It’s easier to identify the distribution using data visualization. First, we load some packages and define a function used in this section.
# Install and load the libraries used for visualization
# The 'load_lib' function was defined earlier.
load_lib(c("gridExtra", "ggridges", "ggplot2",
"gtable", "grid", "egg"))
# The 'grid_arrange_shared_legend' function creates a grid of
# plots with one legend for all plots.
# Reference: Baptiste Auguié - 2019
# https://cran.r-project.org/web/packages/egg/vignettes/Ecosystem.html
grid_arrange_shared_legend <-
function(...,
ncol = length(list(...)),
nrow = 1,
position = c("bottom", "right")) {
plots <- list(...)
position <- match.arg(position)
g <-
ggplotGrob(plots[[1]] + theme(legend.position = position))$grobs
legend <- g[[which(sapply(g, function(x)
x$name) == "guide-box")]]
lheight <- sum(legend$height)
lwidth <- sum(legend$width)
gl <- lapply(plots, function(x)
x + theme(legend.position = "none"))
gl <- c(gl, ncol = ncol, nrow = nrow)
combined <- switch(
position,
"bottom" = arrangeGrob(
do.call(arrangeGrob, gl),
legend,
ncol = 1,
heights = unit.c(unit(1, "npc") - lheight, lheight)
),
"right" = arrangeGrob(
do.call(arrangeGrob, gl),
legend,
ncol = 2,
widths = unit.c(unit(1, "npc") - lwidth, lwidth)
)
)
grid.newpage()
grid.draw(combined)
# return gtable invisibly
invisible(combined)
}
The density plots show each predictor distribution grouped by wine type.
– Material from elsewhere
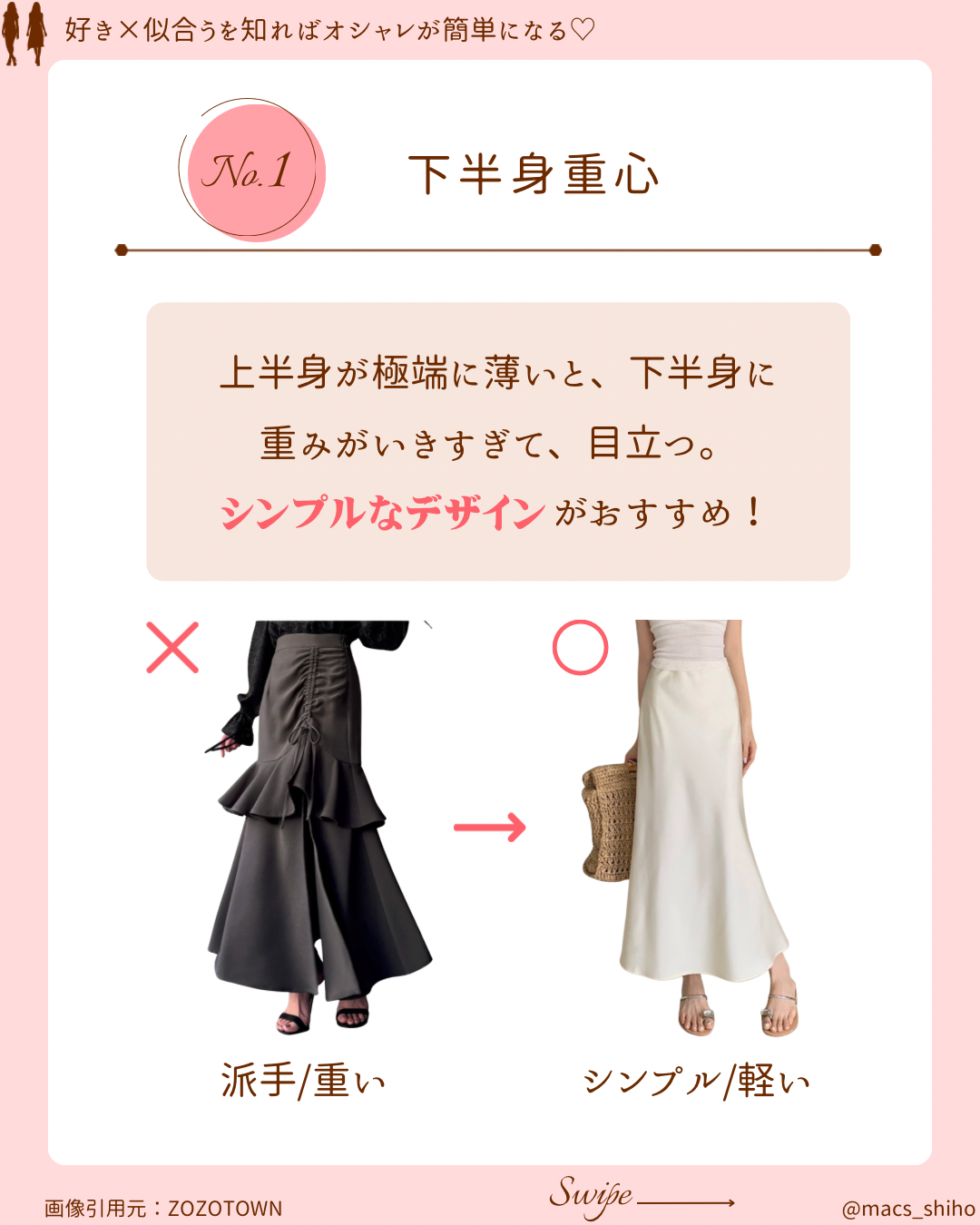 ① 下半身重心さんは“シンプルデザイン”で重心バランスを整えて

Features with little or no overlap make better prediction with higher accuracy, sensitivity and specificity.
To understand this, let’s denote \(Y\) as the wine type, assuming \(Y=1\) for red wine and \(Y=0\) for white wine, and \(X\) as the predictors. We want to find one or more predictors \(X\) with high conditional probability \(Pr(Y=1|X=1)\) and low conditional probability \(Pr(Y=0|X=1)\).
A predictor meets this criteria when there’s a clear distinction in the distribution of the observed predictor \(x\) for each observed outcome \(y\). For example, if \(x<1\) when \(y=1\) and \(x>1\) when \(y=0\), the prediction just needs to follow this distribution.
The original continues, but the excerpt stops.